If this was a tweet on Twitter, I’d finish it off using the tag #fail.

Document protection

And finally – what about document protection? “Document protection” is the mechanism in OOXML to allow applications to open documents in “read-only-mode”, to protect worksheets from editing etc. These are not really protecting the document as such, because a hash of the password is simply saved – but everything is still in clear text. Document protection was one of the areas where OOXML was fundamentally changed, allowing more robust algorithms to be used – and not only the weak “legacy-algorithm” previously supported by Office 2007.

So in Excel2010 I chose to protect the active sheet and looked at the markup again. Again, I was hoping to find some of the new markup, but again I was let down. Excel2010 still uses the weak algorithm and it still uses the legacy markup to persist it.

[code:xml]<?xml version="1.0" encoding="UTF-8" standalone="yes" ?>

<worksheet>

  <sheetData/>
  <sheetProtection password="8985" sheet="1" objects="1" scenarios="1" />
</worksheet>[/code]

This is not only an annoyance for those not working on the Windows-platform – it is also an annoyance for those of us working with e.g. .Net development. If Excel2010 used SHA1, SHA256 or one of the other modern algorithms supported directly by .Net framework, we’d be able to use it straight out of the box. Now all of us still need to add additional code/assemblies to our code – simply to protect a whorksheet.

At the end …

I must admit that I am a bit disappointed. I know that barely a year has gone since the publication of ISO/IEC 29500, but I had expected more of the things we discussed at the BRM to be implemented. At the very least I was expecting some of the more “easy ones” to have been implemented – like the conformanceClass-attribute, VML in comments and document protection. It would have been a nice token of “good faith”.

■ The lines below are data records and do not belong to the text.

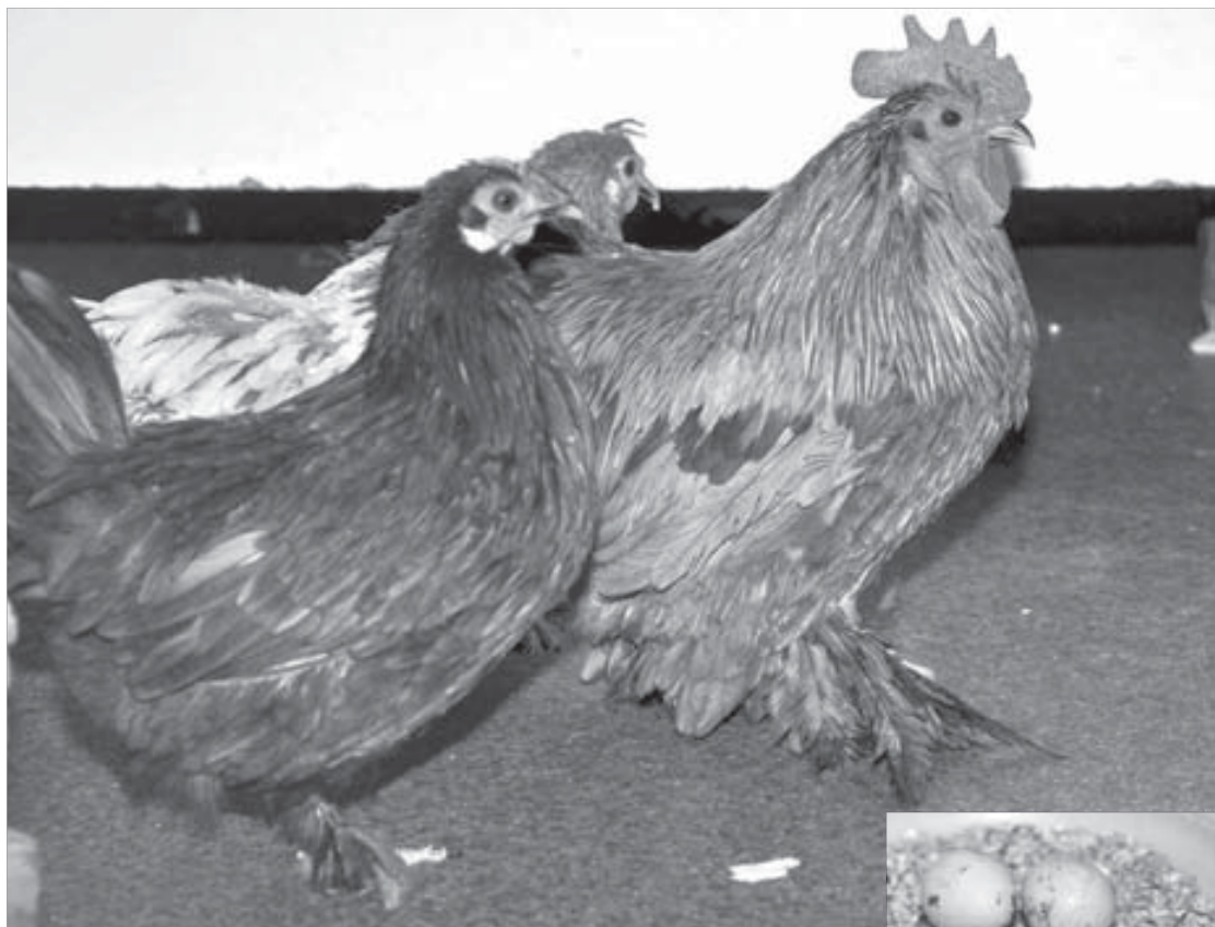
На первый взгляд ничем не отличаются от деревенских кур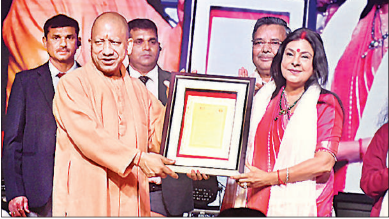
भातखंडे विवि की पूर्व छात्रा पद्मश्री मालिनी अवस्थी को सम्मानित करते मुख्यमंत्री योगी आदित्यनाथ ।

प्रतिष्ठा भी दिलाई। उन्होंने स्पष्ट किया कि एक संस्कृति कर्मी भी राष्ट्र निर्माण में उतना ही योगदान देता है, जितना कोई अन्य क्षेत्र का नागरिक। इस अवसर पर उन्होंने संस्थान के संस्थापक पं. विष्णु नारायण भातखण्डे को श्रद्धांजलि अर्पित की। मुख्यमंत्री योगी ने वर्ष 1940 में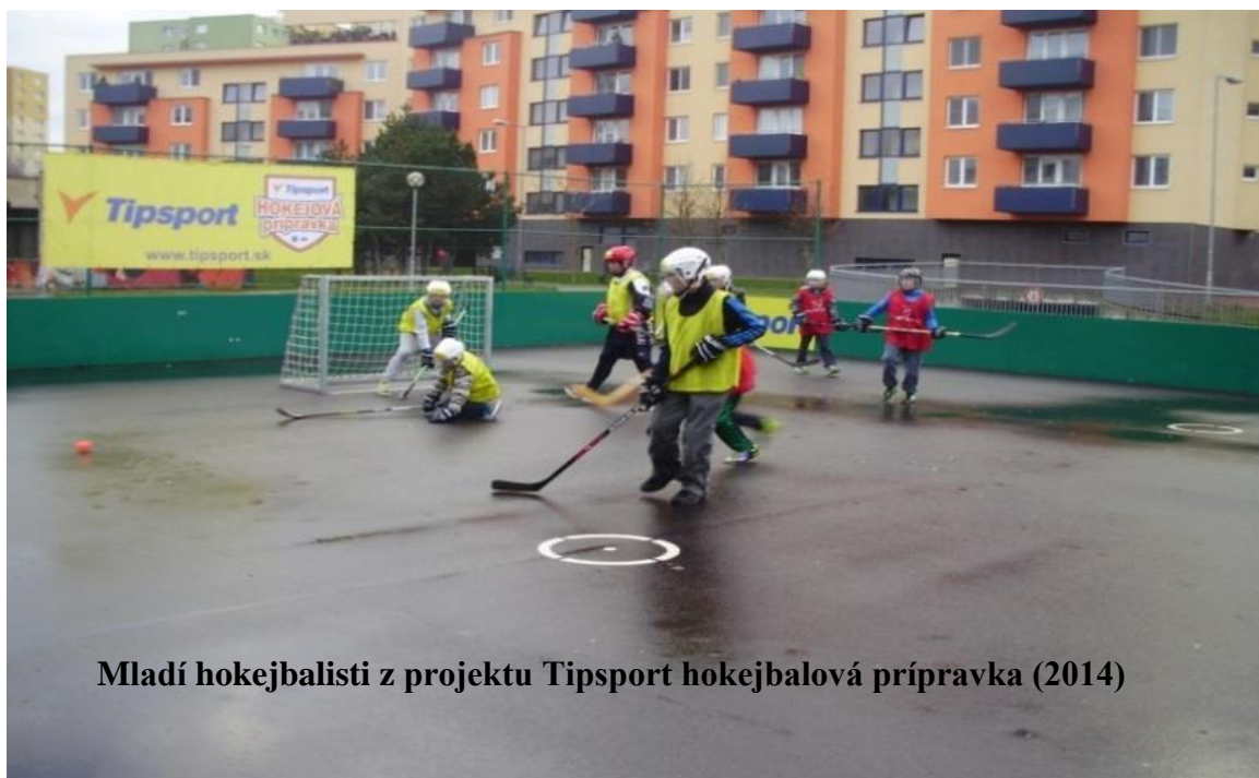
Mladí hokejbalisti z projektu Tipsport hokejbalová prípravka (2014)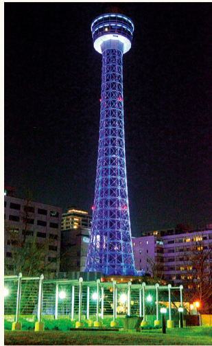
Stardust Illumination (Iluminação de poeira estelar)

Como se fosse uma chuva de estrelas... Assim é a iluminação que flui em forma descendente a partir do topo da seção central da torre. Na praça, encontra-se o espaço fantástico "HIKARI GARDEN", onde as pessoas podem apreciar a arte da luz. Recomendamos-lhes como um lugar para tirar fotos.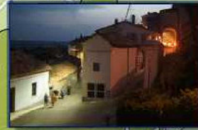
La cantina di Pa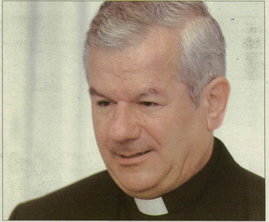
Kiss-Rigó László: Egyesek azt gondolják, hogy az élettársi viszony jó nekik, holott mindez éppen a társadalom önpusztítását jelenti

Jelenleg Magyarországon 270-280 ezer élettársi kapcsolatot tartanak számon. A magyarok több mint 12 százaléka ilyen kapcsolatban él. Csongrád megyei statisztikák szerint a gyerekek csaknem egyegyede házasságon kívül születik. Ez azt jelenti, hogy minden negyedik gyerek vagy élettársi kapcsolatban vagy pedig egyedülálló anyja mellett nő föl. Kissné Novák Eva családszociológus szerint a magyarok inkább házasságpártiak, szemben a svédekkel vagy az észtekkel, ahol a párkapcsolatok fele élettársi viszony.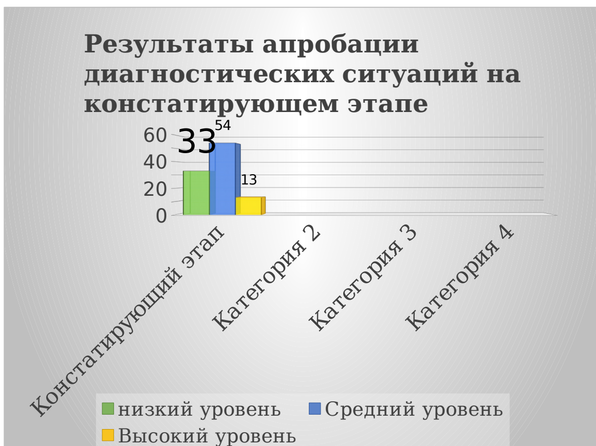
Рисунок 3. Результаты апробации диагностических ситуаций на констатирующем этапе

Полученные результаты говорят о том, что, даже, несмотря на то, что половина детей показала неплохие результаты, все равно есть небольшое количество дошкольников, которым необходима помощь в получении знаний о русской народной культуре, предметах прикладного творчества, знании народной игрушки, её значимости в жизни ребенка.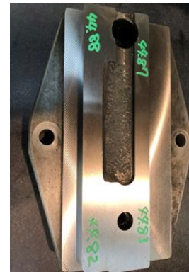
【研磨による片減りの修正】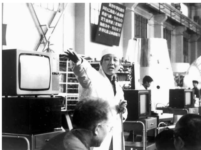
上世纪 70 年代孙家栋在卫星研制现场领导研制工作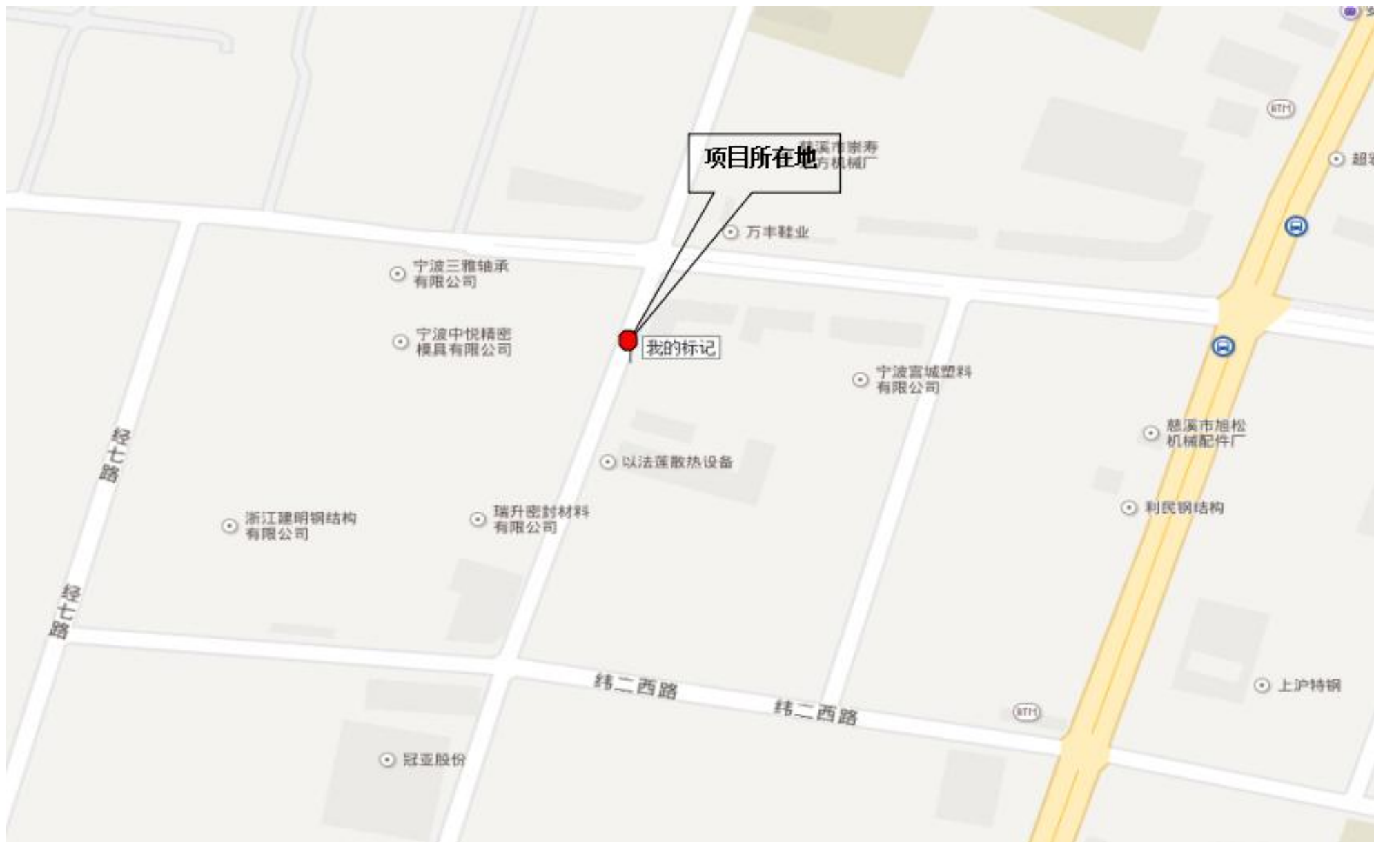
附图 1 项目地理位置图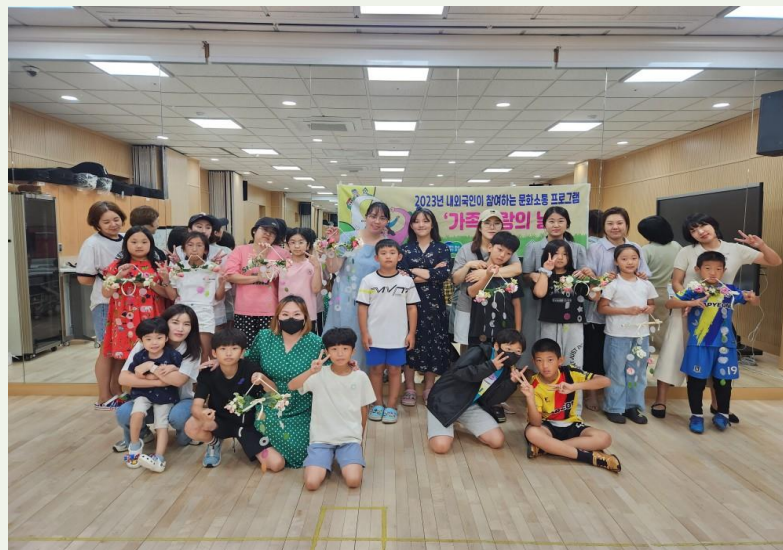
내외국인이 참여하는 문화소통프로그램 '가족사랑의 날'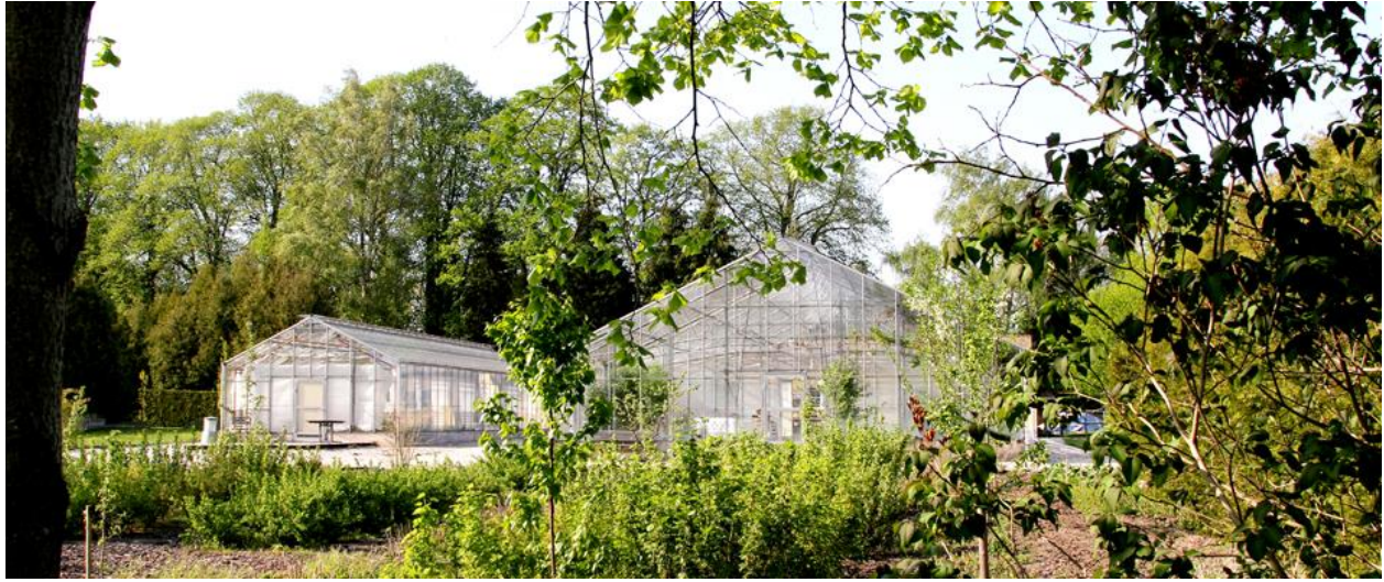
Sct. Hans Have

Spillemandslauget og folkedanserlauget yder begge økonomisk støtte til folkemusikfesten - tak for det.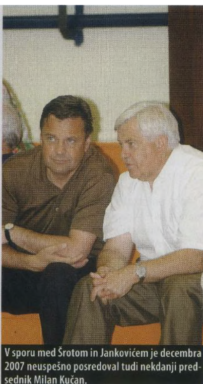
V sporu med Šrotom in Jankovičem je decembra 2007 neuspešno posredoval tudi nekdanji predsednik Milan Kučan.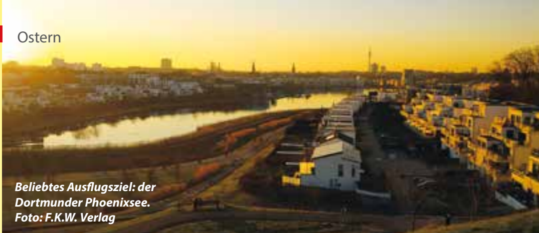
Beliebtes Ausflugsziel: der Dortmunder Phoenixsee.

türlich auch ein passendes Museum als Ausflugsziel. Spannende Kunstausstellungen finden Sie darüber hinaus im „U“, einem der Szene-Orte der Stadt. Oder schauen Sie sich mal das frühere Hoesch-Gelände im Süden der Stadt an: Rund um den Phoenix-See im Stadtteil Hörde können Sie nicht nur bummeln, sondern auch kulinarischen Genüssen fröhnen. Egal, wohin es Sie verschlägt: Überall freuen sich die Gastronomen auf ihren Besuch. Egal, ob zum Dinner, zur Kaffeezeit oder ausgiebigem Frühstück. Genussvolle Osterzeit! (hs)

Now, we are basically left with nothing. Do note, however, that the observations above are by no means a comprehensive test. These represent simply a few of the thoughts on the top of my head while writing this.

Next time: WordpressingML

PS: I have been trying to find a list of the stuff from the BRM that was implemented in Office 2010 (like ISO-8601 dates), but I have been unsuccessful. So if anyone can point me towards such a list, I'd be happy to include those results above.